Web 2.0 recommendation systems, such as Yelp, connect users and businesses so that users can identify new businesses and simultaneously express their experiences in the form of reviews. Yelp recommendation software moderates user-provided content by categorizing them into recommended and not-recommended sections. Due to Yelp's substantial popularity and its high impact on local businesses' success, understanding the fairness of its algorithms is crucial. However, with no access to the training data and the algorithms used by such black-box systems, studying their fairness is not trivial, requiring a tremendous effort to minimize bias in data collection and consider the confounding factors in the analysis. This large-scale data-driven study, for the first time, investigates Yelp's business ranking and review recommendation system through the lens of fairness. We define and examine 4 hypotheses to examine if Yelp's recommendation software shows bias and if Yelp's business ranking algorithm shows bias against restaurants located in specific neighborhoods. Our findings show that reviews of female and less-established users are disproportionately categorized as recommended. We also find a positive association between restaurants being located in hotspot regions and their average exposure. Furthermore, we observed some cases of severe disparity bias in cities where the hotspots are in neighborhoods with less demographic diversity or areas with higher affluence and education levels. Indeed, biases introduced by data-driven systems, including our findings in this paper, are (almost) always implicit and through proxy attributes. Still, the authors believe such implicit biases should be detected and resolved as those can create cycles of discrimination that keep increasing the social gaps between different groups even further.

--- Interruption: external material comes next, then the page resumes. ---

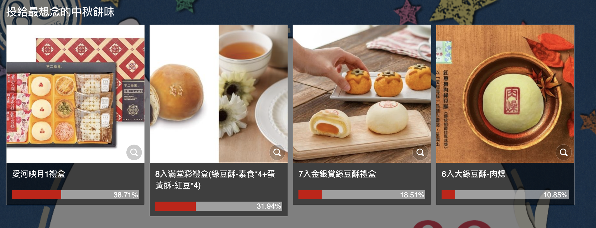 臺灣雖然什麼沒有,但帥哥正妹跟美食最多! 既然大家都賣中秋美食,那該如何營造品牌深刻印象? 首先先教你一招,跟用戶建立關係很重要。而在社群時代,得到任何用戶的回饋相較過去容易很多,因此創造一個跟用戶互動的趣味機制就是重點課題所在。像是老牌名店「不二緻果」就在自己的官網舉辦投票活動,選出「最想念的中秋滋味」。既能產生互動,又能瞭解消費者的選擇喜好,當然獎項不外乎也是提供自家產品,贈送幸運兒票選前兩名經典組合。把知名商品度打好打滿,如果能將此活動串聯在社群上,利用社群媒體的分享功能,定會將觸及效率最大化。用戶可能先前對你的品牌毫無所知,但只要參與了類似的活動,在思考中秋送禮時,你的商品印象一定會浮現在消費者腦海裡。如果後續還搭配再行銷或是其他行銷活動的話,成交機會更是大增,考慮到只付出幾盒公關禮盒的成本,這筆投資還是相當划算的。

翻译：Web 2.0 推荐系统（如 Yelp）连接用户与商家，使用户能够发现新商家，并同时以评论形式表达自身体验。Yelp 推荐软件通过将用户生成内容归类为“推荐”与“不推荐”两个部分来进行内容审核。鉴于 Yelp 的广泛知名度及其对本地商家成功的重大影响，理解其算法的公平性至关重要。然而，由于无法访问此类黑箱系统的训练数据及所用算法，研究其公平性并非易事，这需要付出巨大努力以最小化数据收集中的偏差，并在分析中考虑混杂因素。这项基于大规模数据的研究首次从公平性视角审视 Yelp 的商业排名与评论推荐系统。我们定义并检验了四个假设，以考察 Yelp 的推荐软件是否存在偏见，以及 Yelp 的商业排名算法是否对位于特定街区的餐厅存在偏见。研究结果显示，女性用户及资历较浅用户的评论被不成比例地归类为“推荐”。我们还发现，餐厅位于热点区域与其平均曝光率之间存在正相关。此外，我们观察到一些城市中存在严重的差异偏见案例，这些城市的热点区域位于人口多样性较低或富裕程度与教育水平较高的街区。事实上，数据驱动系统引入的偏见（包括本文的研究发现）几乎总是隐性的，并通过代理属性体现。尽管如此，作者认为此类隐性偏见应被检测并解决，因为它们可能形成歧视循环，进一步加剧不同群体之间的社会差距。